Host Institution
Department of Mathematical Sciences, University of Bath
Research visits
About 2-3 months in AstraZeneca UK (Cambridge) over 3 years.
Advert: https://www.bath.ac.uk/jobs/Vacancy.aspx?ref=ED12391 [Apply before 23 Feb 2025]
Plain English Summary of Research
Master protocols represent an innovative class of trial designs that investigate multiple drugs and/or disease (sub)populations in multiple substudies under one overarching protocol. Such designs are patient-centric, enhance trial efficiency, and aim to bring best-suited treatments to patients faster at reduced costs. One major type of master protocols is called basket trials where a new treatment can be simultaneously evaluated in various patient (sub)populations/across multiple indications, thereby providing substantial statistical efficiency (e.g., by utilising approaches to borrow information across substudies) and operational advantages (e.g., enhanced screening efficiencies, operational streamlining).
So far, methodology development and the implementation of basket trials have predominantly been in oncology, where the “standard” approach is to utilise a single-arm design per substudy. This means existing methodology for basket trial does not support selection of the “optimal” doses and thus hinders its application in non-oncology therapeutic areas where typically multiple active doses are compared against a control. There has been a growing interest in expanding basket trials to therapeutic areas beyond oncology, but the methodological gap greatly limits the wider uptake of such efficient designs in non-oncology therapeutic areas.
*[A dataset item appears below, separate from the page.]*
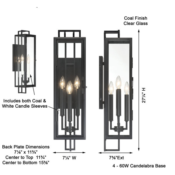 The great outdoors even outdoor wall mount is a perfect blend of style and functionality. Designed to withstand the rigors of outdoor use, this wall-mounted light fixture is crafted from durable steel, aluminum, and glass materials. Its elegant design, featuring a coal finish and clear glass shade, adds a touch of sophistication to any exterior space. Whether you're looking to illuminate your porch, sconce, or other outdoor areas, this light fixture delivers a warm, inviting glow that enhances the ambiance of your home. It's perfectly proportioned to make a statement without overwhelming your space. The light is easy to install and maintain, making it a practical choice for homeowners. It can accommodate two C10.5 bulbs, ensuring ample lighting for your outdoor spaces. Create a welcoming atmosphere for your family and guests with the great outdoors even light outdoor wall mount.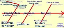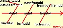 Tidsakserne til højre viser forholdene mellem nogle af tiderne, først med danske betegnelser og dernæst med grammatisk fagterminologi (latin).

In this project, we aim to fill this gap, exploit advantage of basket trials in non-oncology settings, and develop innovative and efficient statistical methodology for next-generation basket trials. The new series of advanced designs will support simultaneous estimation of best-suited dose(s) in multiple disease (sub)types/patient (sub)populations. This project will start off by extending existing randomised controlled basket designs (Zheng and Wason, 2022; Ouma et al., 2022; Zheng et al., 2023) to include more doses alongside a control per substudy and allow for borrowing of information in accordance with the degree of similarity between the dose-response curves across substudies. Innovative methods will further be proposed to enable additional efficiency gains by
1) incorporating mid-course modifications, e.g., adaptive allocation of patients to more effective doses or early termination of substudies less likely to benefit from the treatment;
2) eventually transforming basket trials to become platform trials. This would allow addition of substudies midway through the investigation.